System development

April 15, 2003

I hope you are not sick of my silly questions yet;) Here comes another layman's question about developing a prediction system. I managed to add a " form going into the game" column (based on points granted depending on the 5 most recent results) to Joe's Excel files. I based my outcome prediction on the DIFFERENCE between the home and away column and having analysed a statistically significant number of games( over 12000) it prooved to work quite OK( generally, the bigger the difference the higher the percentage of home wins and so on). What I am not sure of is how to convert my analysis into a prediction system, which would allow for the fluctuations in the percentages of particular outcomes throughout the whole extent of the DIFFERENCE. Is there a way I can adjust a straight line equation to the results( Looks as though my graph would change linearly, if I found a way to eliminate the bloody fluctuations)? Thank you in advance. Lucas

April 15, 2003

Re: System development No such thing as a silly question Lucas, just silly answers ;) I'm not quite clear what you are trying to do. As I understand it you have a parameter for each team (the number of points gained) and you want to relate the difference in these parameters to the probabilities of home win, draw and away win? You could do a linear regression. Group your data together into 'bands' e.g. all matches where the points difference is -1-0, 0-1, 1-2, 2-3 etc. For each of these bands calculate the percentage of home wins. Now plot these percentages against the midpoint of the bands (e.g. -0.5, 0.5, 1.5, 2.5 in the above example). You should have an equation for this line which relates the difference in 'rating' to the chances of a home win. Same procedure for draws and aways. What you will need to do then is to rescale so that the chances for each game add to 100%. However, I think you will need to be more sophisticated than this to make a profit ;-)

Osesame · April 15, 2003

Re: System development The problem I find with this type of analysis is that all teams are different.....back to my fingerprint idea for each team......see the results for Chelsea in derbies thread. +5pts for team A will probably mean something different than for the rest of the teams in a particular league.It will almost certainly not be transferable to a different league in the same country.As for transferring a system of numerical data from one country to another imho it is a waste of time. You also will need to separate home and away form. Good fortune with what you are doing though, but I think I have been where you are now many times before

Joe · April 15, 2003

Re: System development There's no way to elimate all the fluctuations, no matter how good your rating system - there is simply too much variabilty in football results.

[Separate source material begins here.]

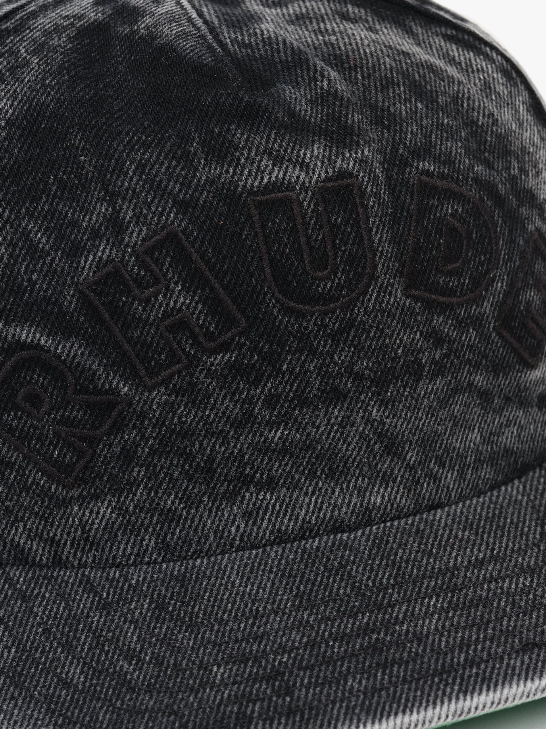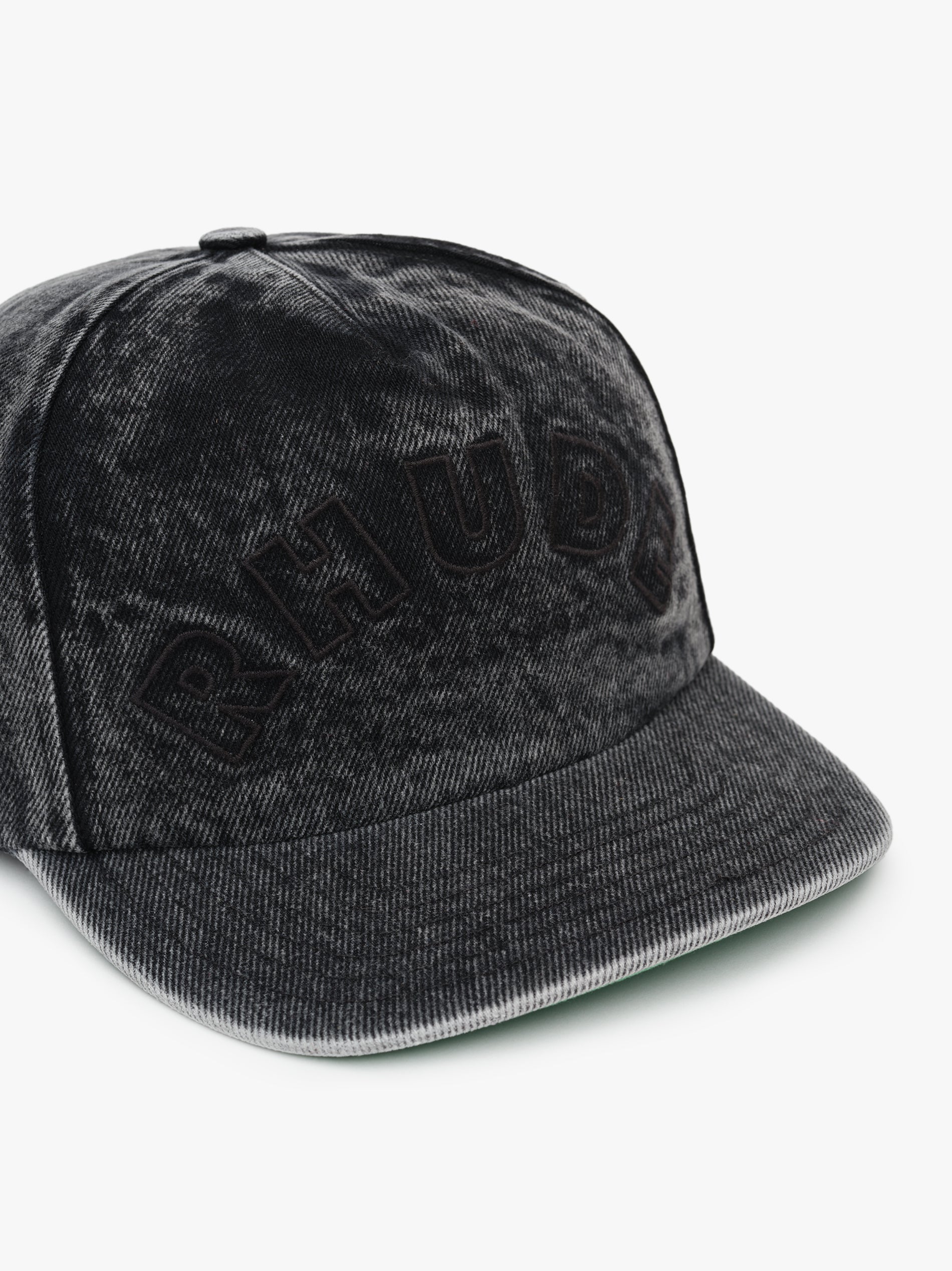 Heavyweight cotton denim hat with "RHUDE" logo embroidered on the front. Features an adjustable strap at the back, so you can adjust the fit to your preference, and green under brim.

Your straight line represents the best fit relationship between your ratings and probability of result. Unfortunately, if there is too much variability arround this line, it's unlikely to provide you with a profitable betting system. The key then is to develop a system that eliminates as much of the variability/fluctuation as possible.

April 15, 2003

Re: System development Hi Lucas, just a few ideas. The relationship may not be entirely linear especially at the extremes.Most regression software can give you a line of best fit,which won't always be linear. Your fluctuations may be real. Agree with Mick,you will probably find an excellent correlation between your ratings differences & actual win/lose/draw percentages,but the odds on offer won't allow a profit. I would guess that by far the weakest correlation will be for the draw.At the moment in the Premiership,Man U(top),Charlton(middle) & Sunderland(bottom) have each drawn 7 games,showing that there's less correlation with a team's ability for draws compared to wins.There could also be a larger amount of random chance involved that carn't be eliminated. You will probably end up with an equation that predicts very similar draw percentages for each and every team. Might be worth trying multiple regression where you add one or more variables to the equation,but that procedure can get very involved especially if those new variables that you chose are themselves correlated. W.

April 15, 2003

Re: System development Hi Lucas, a few more ideas. you might want to give more weight to the most recent results. As I understand your post a series of points that go 3,3,1,0,0 with the most recent last,would be no different to a series that went 0,0,1,3,3. It's probably not too important if you are only going back 5 games,but generally the more games you include the better your regression line.For one thing you reduce the risk of basing your conclusions on a team playing 5 poor opponents. Here's a quick method(it's not exactly the procedure that you are using,but it's close) The previous season a team got 57 points in 38 games.They therefore averaged 1.5 points per game. In the first game of a new season they win(3 points). You could add 57+3 and divide by 39=1.538 OR you could add 97% of 1.5 to 3% of 3 = 1.545,which gives more weight to the most recent result. The 97/3 mix can be changed for the first few games of a season if you think the ability of the team has greatly altered from previously. If you carry on like this you continue to give more relevance to the most recent result. Works particularly well if you use goals scored & conceded instead of points awarded. W.

April 16, 2003

Re: System development Thank you all for your helpful remarks. The major problem for me at the beginning was to learn what a "linear regression" is:o . After I found an explanation in the net and finished off my brain trying to comprehend it, I realized there must be such a function in Excel. However, it was far from the end of my problems, since this Excel thing seems to grow coplicated the more I analyse its options. The "linear regression" function( REGLINP in my Excel) turns back a strange value with which I don't know what to do in order to recive an equation Mick talked about. Yes, I know I am a dumbass. Please, help. Weststander wrote:

Might be worth trying multiple regression...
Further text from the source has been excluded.